Ваза Savoy, Iittala. 1936.

Aalto’s furniture was the most successful in London - local merchants were involved in sales here, and the bill went to thousands of copies sold, while in Finland itself only dozens. In any case, thanks to the success of his furniture, Aalto had the opportunity to make a short pause in architectural activity, not to chase down orders, but to quietly start building his own house in one of the districts of Helsinki, where he moved.

Villa Mayrea. 1939.

The customers of the Villa of Meirea were Aalto's friends — building magnate Harry Gullichsen and his wife Mayre. They gave him a complete carte blanche: no limits either in terms of ideas or in terms of finances. As a result, the outwardly very radical villa was built: nothing to do with the traditional estate and the dominant manor house that the Finns used to use - a building with shifted horizontal "levels", blithely spreading among the pines with the letter L, with an outdoor pool, with a wooden “tower” where the hostess’s art studio is located, with open terraces, a winter garden below and a Japanese garden of stones on the roof.

Villa Mayrea. Fragment of the interior of the first floor.

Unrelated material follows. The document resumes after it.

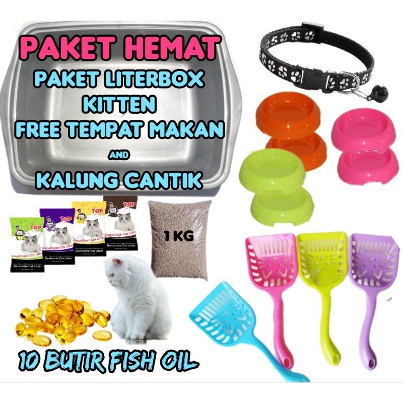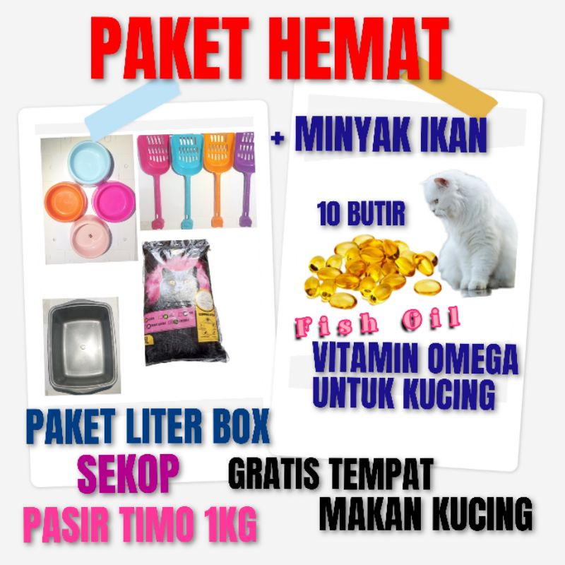 PAKET BAK PASIR + Sekop +1KG Pasir Gumpal Wangi BENTONITE TIMO,TOFU(500GR), GRATIS TEMPAT MAKAN KUCI

On the first floor, all the rooms are combined in an open space and at the same time are separated - in thin Japanese-style columns, with different flooring, and different floor levels. Natural wood, white plaster, terracotta, raw stone slabs, of which fireplaces are made, create a unique combination of modernist and something primordial, archaic, making you feel in a cozy, protected shelter. Villa Mayrea today functions as a museum and is open to visitors, but, unfortunately, there are very few of them, as getting to these remote places is not so easy.

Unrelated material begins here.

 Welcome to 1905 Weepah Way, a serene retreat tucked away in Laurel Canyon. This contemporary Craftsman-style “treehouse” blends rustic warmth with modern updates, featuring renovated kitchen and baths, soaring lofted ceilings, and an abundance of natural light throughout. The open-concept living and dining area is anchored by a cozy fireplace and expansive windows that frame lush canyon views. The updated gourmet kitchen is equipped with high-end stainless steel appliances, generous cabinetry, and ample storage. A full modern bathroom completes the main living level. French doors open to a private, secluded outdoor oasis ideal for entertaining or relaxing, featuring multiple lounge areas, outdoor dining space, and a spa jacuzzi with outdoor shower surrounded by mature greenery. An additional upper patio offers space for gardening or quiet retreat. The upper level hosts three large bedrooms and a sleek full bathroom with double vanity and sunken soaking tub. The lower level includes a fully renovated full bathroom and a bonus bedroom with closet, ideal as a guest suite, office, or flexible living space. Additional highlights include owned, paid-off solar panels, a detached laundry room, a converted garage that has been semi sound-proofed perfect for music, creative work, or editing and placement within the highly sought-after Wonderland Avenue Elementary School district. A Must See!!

Alvar Aalto (02/03/1898 - 11/05/1976)

Since 1938, Aalto has been in the United States several times: he is the author of the Finnish pavilion at the World Exhibition in New York, he travels around the country, meets famous American architects, visits the Kaufmann family in their House over the Falls and is almost settled in Massachusetts Polytechnic University, received a place of professor, but because of the Second World War, leaving home. In 1946, he again in the United States, teaches, builds a hostel on the campus of the Massachusetts Polytech - the famous, broad-wave Baker House. Begins a red-brick period in his work. At the same time, he still has not received a single significant contract in Helsinki. And suddenly, in 1948, the Aalto project won the tender for the construction of a pension fund building with the capital. Aalto again in Finland.

Concert Hall Finland in Helsinki. 1967-1971.

In addition to the Pension Fund building, he built several other objects in Helsinki: the monumental and white marble Concert Hall Finland, nicknamed the “iceberg of modernism” (1967-1971), the powerful House of Culture (1952-1958), powerful brick cisterns, Polytechnic University in the satellite city of Helsinki Espoo, with the main audience of the main building (1949–1966), which became Landmark.

Opera House in Essen, Germany. 1959-1988. 3D model.

The expressive, child-giving images of the building coexist with other types of buildings in his post-war creativity: these are rectangular functionalist boxes with a large number of regularly spaced windows that look like twins to each other. These appear to be the Building of the Finnish Electric Company (1970), the headquarters of the Stora-Enso concern 1959, and an academic bookstore in the city center (1969). The internal architecture of its buildings is often even more complicated and expressive than the external one: intersecting planes and lines, colliding colors, textures and streams of light resemble the Suprematic compositions pulsating with internal energy.

Congress Hall in Helsinki. Finishing: white Carrara marble. Project 1967–71 Finished after the death of the architect.

Aalto treated architectural creativity as a true artist: he did not adhere to any one style, order, concept, each time relying on an image born of imagination, nature was a source of inspiration for him, and his ultimate goal was humanism, service to man.